Material provided:

Content starts

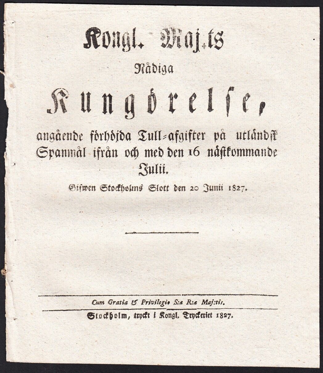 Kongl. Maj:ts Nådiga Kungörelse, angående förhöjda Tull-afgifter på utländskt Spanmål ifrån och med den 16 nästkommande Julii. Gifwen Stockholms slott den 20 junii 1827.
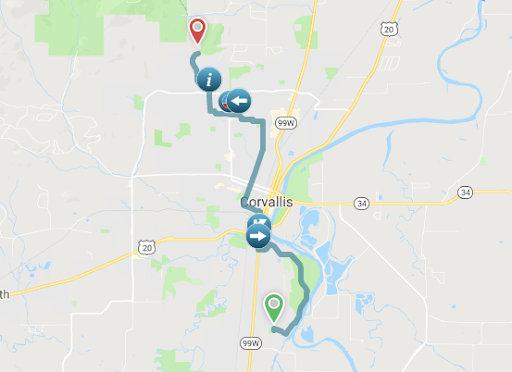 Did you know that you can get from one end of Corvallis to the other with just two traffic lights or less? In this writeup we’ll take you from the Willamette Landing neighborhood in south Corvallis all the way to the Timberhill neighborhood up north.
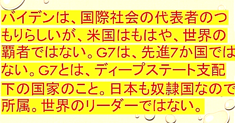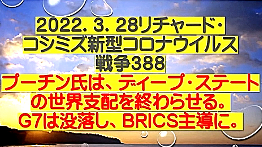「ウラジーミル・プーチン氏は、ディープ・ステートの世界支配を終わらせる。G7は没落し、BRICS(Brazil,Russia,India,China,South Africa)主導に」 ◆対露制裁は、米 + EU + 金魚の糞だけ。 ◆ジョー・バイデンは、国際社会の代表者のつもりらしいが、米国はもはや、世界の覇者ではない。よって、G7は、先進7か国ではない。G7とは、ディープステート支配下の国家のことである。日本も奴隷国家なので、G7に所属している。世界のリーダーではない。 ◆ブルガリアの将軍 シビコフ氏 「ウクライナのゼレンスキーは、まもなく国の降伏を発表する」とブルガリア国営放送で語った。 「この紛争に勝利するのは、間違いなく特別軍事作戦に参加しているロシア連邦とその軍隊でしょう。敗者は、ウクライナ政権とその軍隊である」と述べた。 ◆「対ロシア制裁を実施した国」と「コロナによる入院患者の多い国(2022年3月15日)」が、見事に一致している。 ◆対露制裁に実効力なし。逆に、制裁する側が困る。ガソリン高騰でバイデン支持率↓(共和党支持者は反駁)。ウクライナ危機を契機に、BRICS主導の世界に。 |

Content ends

What the exercise asks:
The answer must be the data above, repeated exactly, with no pictures.

Task solution:
 Kongl. Maj:ts Nådiga Kungörelse, angående förhöjda Tull-afgifter på utländskt Spanmål ifrån och med den 16 nästkommande Julii. Gifwen Stockholms slott den 20 junii 1827.
 Did you know that you can get from one end of Corvallis to the other with just two traffic lights or less? In this writeup we’ll take you from the Willamette Landing neighborhood in south Corvallis all the way to the Timberhill neighborhood up north.
「ウラジーミル・プーチン氏は、ディープ・ステートの世界支配を終わらせる。G7は没落し、BRICS(Brazil,Russia,India,China,South Africa)主導に」 ◆対露制裁は、米 + EU + 金魚の糞だけ。 ◆ジョー・バイデンは、国際社会の代表者のつもりらしいが、米国はもはや、世界の覇者ではない。よって、G7は、先進7か国ではない。G7とは、ディープステート支配下の国家のことである。日本も奴隷国家なので、G7に所属している。世界のリーダーではない。 ◆ブルガリアの将軍 シビコフ氏 「ウクライナのゼレンスキーは、まもなく国の降伏を発表する」とブルガリア国営放送で語った。 「この紛争に勝利するのは、間違いなく特別軍事作戦に参加しているロシア連邦とその軍隊でしょう。敗者は、ウクライナ政権とその軍隊である」と述べた。 ◆「対ロシア制裁を実施した国」と「コロナによる入院患者の多い国(2022年3月15日)」が、見事に一致している。 ◆対露制裁に実効力なし。逆に、制裁する側が困る。ガソリン高騰でバイデン支持率↓(共和党支持者は反駁)。ウクライナ危機を契機に、BRICS主導の世界に。 |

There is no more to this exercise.